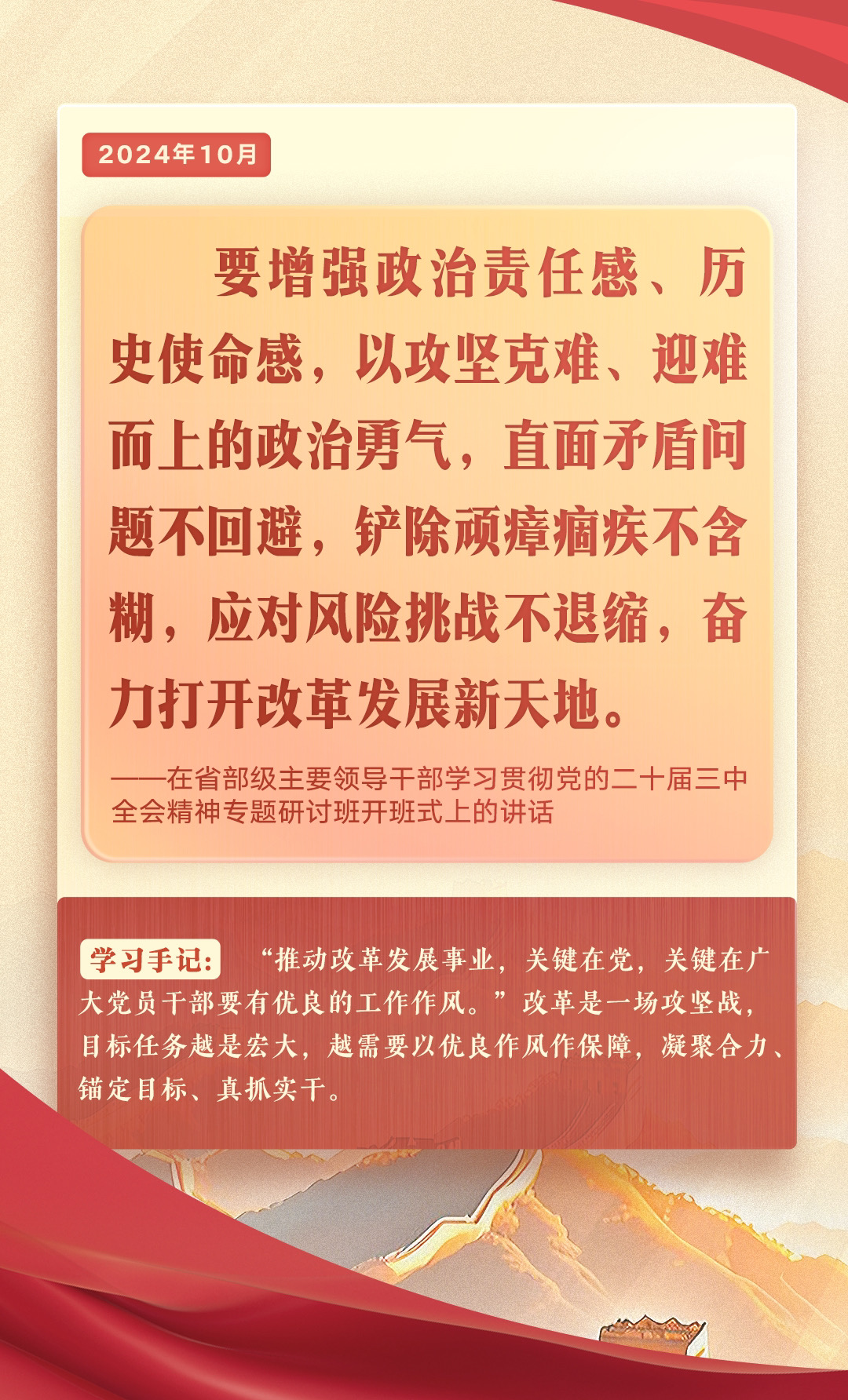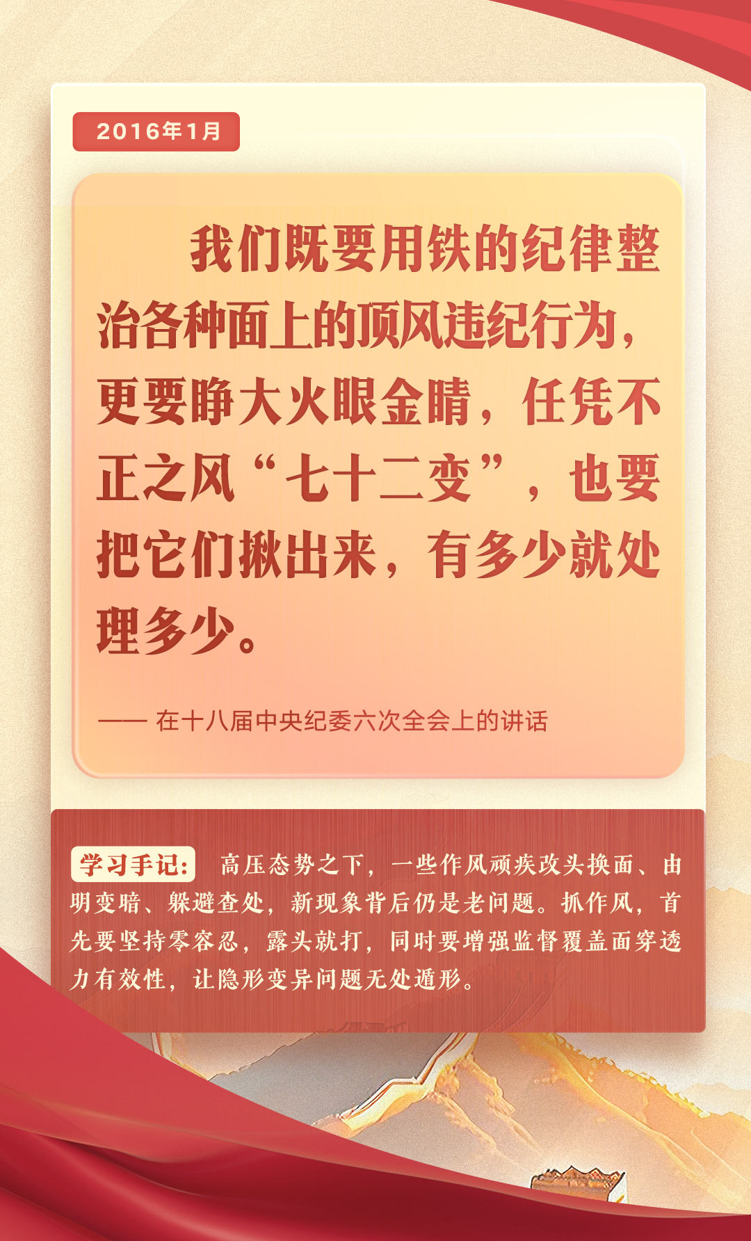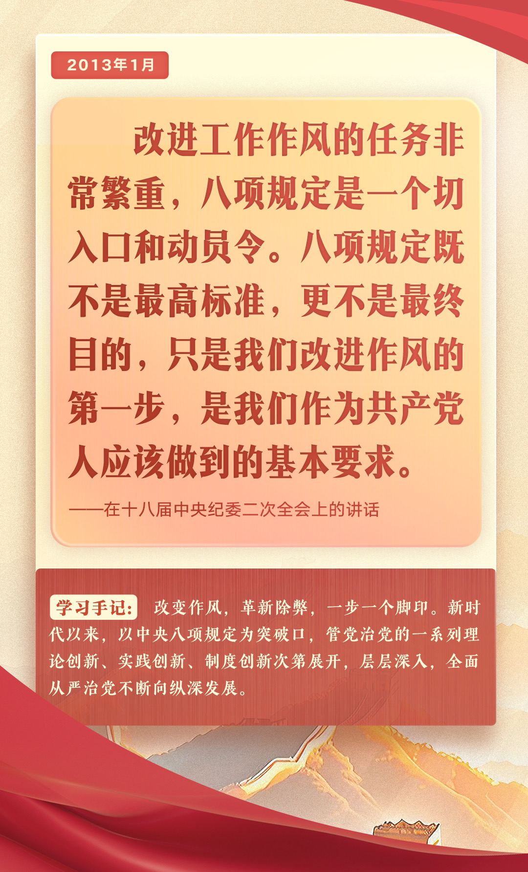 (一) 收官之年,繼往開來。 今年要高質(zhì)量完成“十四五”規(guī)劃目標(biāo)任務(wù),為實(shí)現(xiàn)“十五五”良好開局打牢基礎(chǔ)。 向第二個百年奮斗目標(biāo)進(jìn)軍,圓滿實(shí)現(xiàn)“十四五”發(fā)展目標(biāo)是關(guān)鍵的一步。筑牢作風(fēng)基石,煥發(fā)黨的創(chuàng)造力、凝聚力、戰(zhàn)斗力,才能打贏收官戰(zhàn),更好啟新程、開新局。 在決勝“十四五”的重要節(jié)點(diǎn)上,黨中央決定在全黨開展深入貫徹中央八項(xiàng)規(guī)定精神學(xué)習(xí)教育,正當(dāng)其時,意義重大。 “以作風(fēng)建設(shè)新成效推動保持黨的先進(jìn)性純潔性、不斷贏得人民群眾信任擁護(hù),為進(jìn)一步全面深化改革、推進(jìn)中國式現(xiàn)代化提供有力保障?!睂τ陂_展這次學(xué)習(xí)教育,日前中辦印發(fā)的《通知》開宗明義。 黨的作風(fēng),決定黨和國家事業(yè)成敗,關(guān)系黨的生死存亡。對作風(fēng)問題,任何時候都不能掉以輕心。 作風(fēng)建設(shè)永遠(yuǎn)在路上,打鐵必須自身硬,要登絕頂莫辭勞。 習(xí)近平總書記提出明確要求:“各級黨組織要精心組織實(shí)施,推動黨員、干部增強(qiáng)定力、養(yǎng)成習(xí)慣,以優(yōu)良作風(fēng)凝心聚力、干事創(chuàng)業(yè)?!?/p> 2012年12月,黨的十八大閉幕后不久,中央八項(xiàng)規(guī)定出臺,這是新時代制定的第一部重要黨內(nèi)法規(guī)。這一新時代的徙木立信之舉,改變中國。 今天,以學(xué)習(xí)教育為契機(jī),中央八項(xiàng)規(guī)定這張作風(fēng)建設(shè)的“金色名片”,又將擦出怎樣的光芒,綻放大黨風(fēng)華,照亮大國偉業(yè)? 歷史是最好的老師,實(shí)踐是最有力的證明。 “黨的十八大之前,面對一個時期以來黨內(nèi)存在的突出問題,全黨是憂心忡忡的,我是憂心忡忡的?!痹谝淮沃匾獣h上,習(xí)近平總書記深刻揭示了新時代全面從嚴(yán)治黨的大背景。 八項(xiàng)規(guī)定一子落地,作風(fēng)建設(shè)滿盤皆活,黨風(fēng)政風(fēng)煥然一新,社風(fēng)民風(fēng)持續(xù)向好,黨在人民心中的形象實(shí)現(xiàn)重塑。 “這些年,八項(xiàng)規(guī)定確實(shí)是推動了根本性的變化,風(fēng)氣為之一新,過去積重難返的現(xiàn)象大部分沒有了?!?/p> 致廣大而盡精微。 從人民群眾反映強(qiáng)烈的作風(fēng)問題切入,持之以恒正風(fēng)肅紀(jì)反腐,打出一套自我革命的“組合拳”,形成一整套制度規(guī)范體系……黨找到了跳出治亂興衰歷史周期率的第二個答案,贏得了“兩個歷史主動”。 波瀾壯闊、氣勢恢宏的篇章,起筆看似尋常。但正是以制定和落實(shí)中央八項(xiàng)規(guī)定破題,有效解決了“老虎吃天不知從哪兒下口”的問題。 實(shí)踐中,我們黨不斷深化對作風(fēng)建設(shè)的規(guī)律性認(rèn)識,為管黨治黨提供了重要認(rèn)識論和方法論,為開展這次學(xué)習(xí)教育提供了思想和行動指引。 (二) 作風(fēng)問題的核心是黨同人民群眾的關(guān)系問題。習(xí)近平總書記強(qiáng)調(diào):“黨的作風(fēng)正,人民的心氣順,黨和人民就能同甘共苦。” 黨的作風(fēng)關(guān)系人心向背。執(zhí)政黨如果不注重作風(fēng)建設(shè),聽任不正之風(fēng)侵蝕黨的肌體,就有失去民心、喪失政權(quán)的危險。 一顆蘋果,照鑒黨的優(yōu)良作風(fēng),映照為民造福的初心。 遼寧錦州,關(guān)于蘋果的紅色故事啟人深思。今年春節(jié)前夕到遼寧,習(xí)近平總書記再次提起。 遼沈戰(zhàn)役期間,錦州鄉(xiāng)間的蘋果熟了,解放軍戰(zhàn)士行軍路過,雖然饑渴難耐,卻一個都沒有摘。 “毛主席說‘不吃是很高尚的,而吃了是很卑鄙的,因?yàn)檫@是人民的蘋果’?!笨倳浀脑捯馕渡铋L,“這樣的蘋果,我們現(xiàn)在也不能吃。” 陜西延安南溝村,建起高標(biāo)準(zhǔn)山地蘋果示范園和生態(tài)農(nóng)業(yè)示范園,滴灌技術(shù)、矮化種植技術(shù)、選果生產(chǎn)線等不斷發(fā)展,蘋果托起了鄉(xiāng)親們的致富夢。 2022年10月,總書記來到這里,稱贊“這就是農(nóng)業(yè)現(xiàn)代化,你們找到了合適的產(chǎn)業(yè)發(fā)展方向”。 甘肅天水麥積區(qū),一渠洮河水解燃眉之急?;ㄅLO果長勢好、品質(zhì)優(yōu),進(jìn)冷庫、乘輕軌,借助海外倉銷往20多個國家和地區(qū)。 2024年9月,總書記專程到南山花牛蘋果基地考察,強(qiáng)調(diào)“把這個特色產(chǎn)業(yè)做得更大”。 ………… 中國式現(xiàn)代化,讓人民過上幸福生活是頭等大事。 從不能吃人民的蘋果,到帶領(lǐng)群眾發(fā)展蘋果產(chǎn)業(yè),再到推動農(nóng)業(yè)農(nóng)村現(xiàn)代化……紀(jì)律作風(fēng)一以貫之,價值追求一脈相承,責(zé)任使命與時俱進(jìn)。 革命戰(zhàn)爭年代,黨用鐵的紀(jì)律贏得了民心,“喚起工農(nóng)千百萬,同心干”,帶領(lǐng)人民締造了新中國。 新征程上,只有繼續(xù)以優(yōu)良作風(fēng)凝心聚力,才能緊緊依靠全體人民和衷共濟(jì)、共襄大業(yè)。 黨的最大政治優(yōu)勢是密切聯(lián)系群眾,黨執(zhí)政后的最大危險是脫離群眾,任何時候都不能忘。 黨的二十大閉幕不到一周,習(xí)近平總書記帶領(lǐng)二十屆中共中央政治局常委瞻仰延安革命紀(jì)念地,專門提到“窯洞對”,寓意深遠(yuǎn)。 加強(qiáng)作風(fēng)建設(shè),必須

━━━━

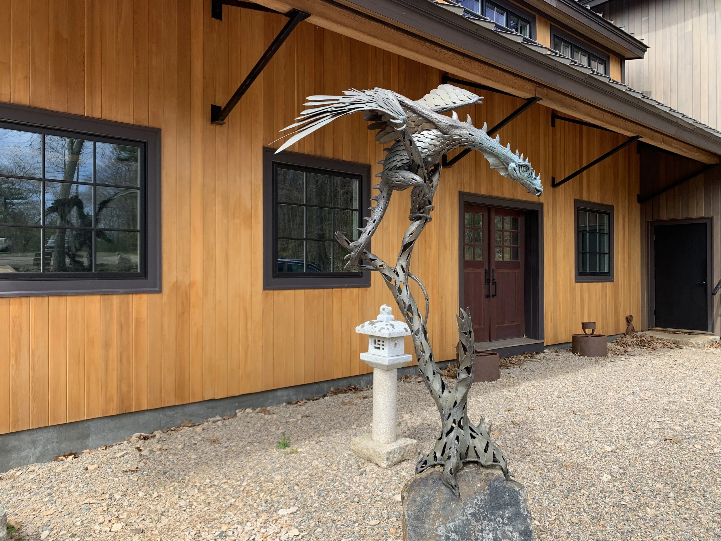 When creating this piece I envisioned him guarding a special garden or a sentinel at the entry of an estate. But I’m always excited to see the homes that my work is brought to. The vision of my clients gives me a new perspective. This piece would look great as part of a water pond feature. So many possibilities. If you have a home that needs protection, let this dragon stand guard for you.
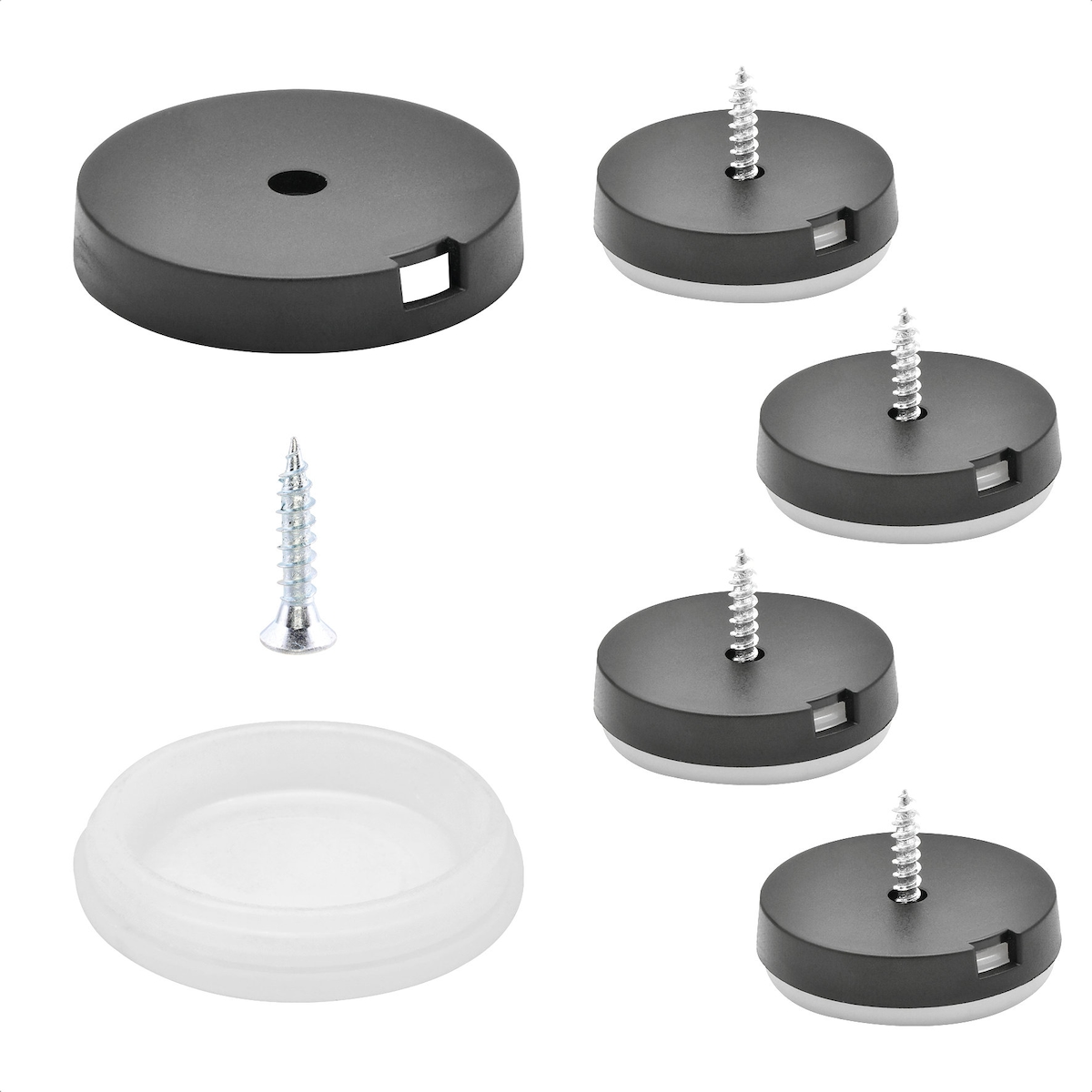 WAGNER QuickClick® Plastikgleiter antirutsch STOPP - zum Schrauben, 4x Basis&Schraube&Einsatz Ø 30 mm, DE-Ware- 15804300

━━━━

ACTIVITY
Starting with the line above that holds "When creating this", restate each line word for word up to and including the line that holds "WAGNER QuickClick® Plastikgleiter". Drop the pictures.

PROBLEM SOLUTION
 When creating this piece I envisioned him guarding a special garden or a sentinel at the entry of an estate. But I’m always excited to see the homes that my work is brought to. The vision of my clients gives me a new perspective. This piece would look great as part of a water pond feature. So many possibilities. If you have a home that needs protection, let this dragon stand guard for you.
 WAGNER QuickClick® Plastikgleiter antirutsch STOPP - zum Schrauben, 4x Basis&Schraube&Einsatz Ø 30 mm, DE-Ware- 15804300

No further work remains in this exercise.